Willa Sibert Cather (December 7, 1873 – April 24, 1947) was an American author who grew up in Nebraska. She is best known for her depictions of frontier life on the Great Plains in novels such as O Pioneers!, My Ántonia, and The Song of the Lark.
Cather received both national and state honors. In 1973, the United States Postal Service honored Willa Cather by using her image on a postage stamp. In 1981 the US Mint created the Willa Cather medallion, a half-ounce gold coin.
Cather was elected to the Nebraska Hall of Fame. In 1986, Cather was inducted into the National Cowgirl Museum and Hall of Fame. Her alma mater, the University of Nebraska-incoln, named residence halls after both Cather and her college friend Louise Pound. Pound had a lifelong career as professor of English at the university and was the first woman president of the Modern Language Association.

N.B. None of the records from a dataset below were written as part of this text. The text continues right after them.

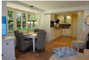
Derr Esstisch, die offene Küche.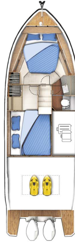
LOWER DECK optional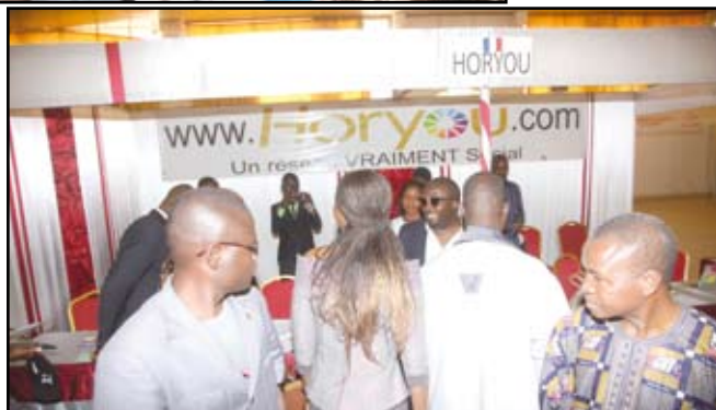
Vues sur le marché du film 2015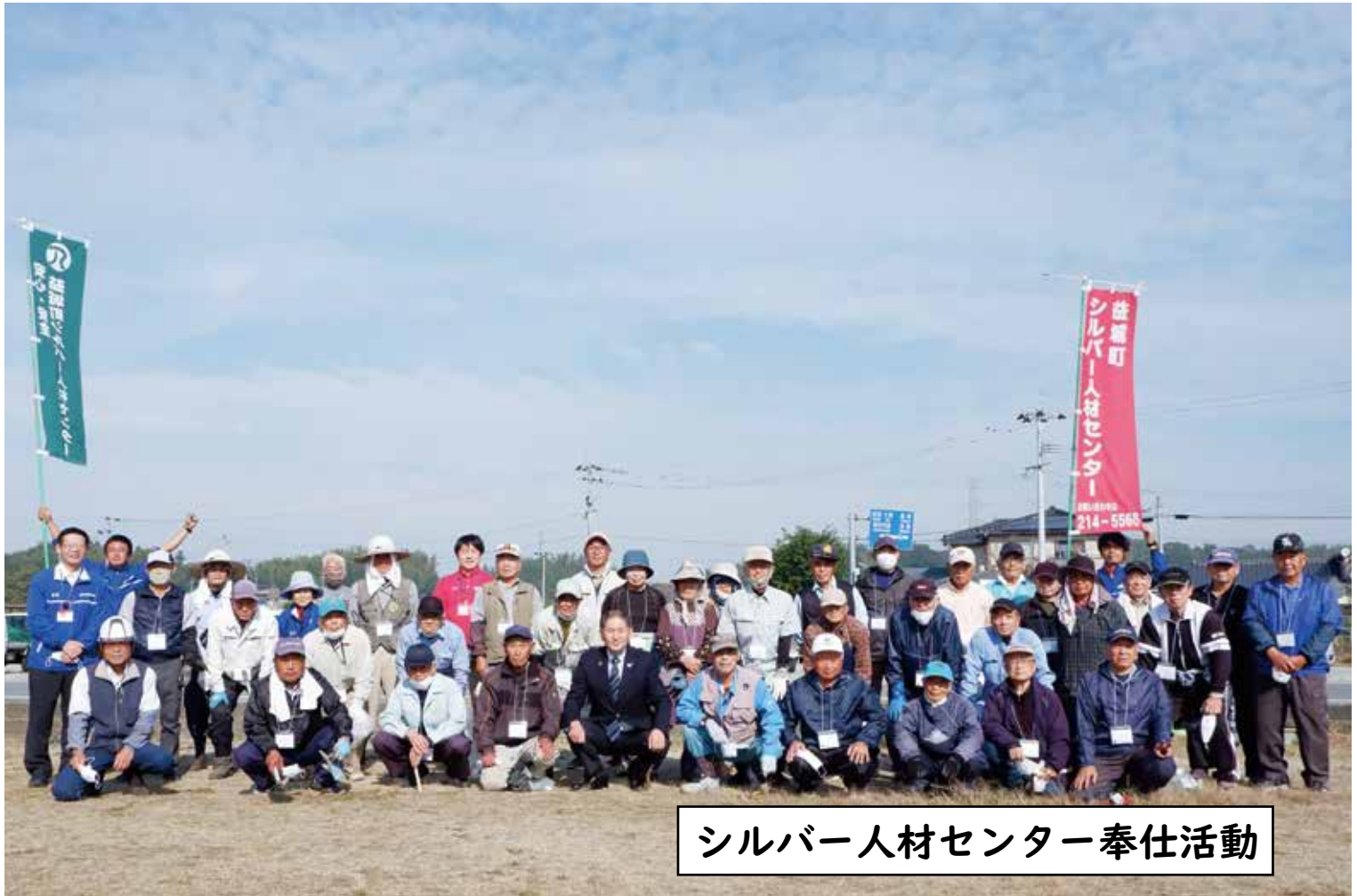
シルバー人材センター奉仕活動

Set in the 1890s in Moonstone, a fictional place supposedly located in Colorado, The Song of the Lark is the self-portrait of an artist in the making. The story revolves around an ambitious young heroine, Thea Kronborg, who leaves her hometown to go to the big city to fulfill her dream of becoming a famous opera star. The novel captures Thea's independent-mindedness, her strong work ethic, and her ascent to her highest achievement. At each step along the way, her realization of the mediocrity of her peers propels her to greater levels of accomplishment, but in the course of her ascent she must discard those relationships which no longer serve her.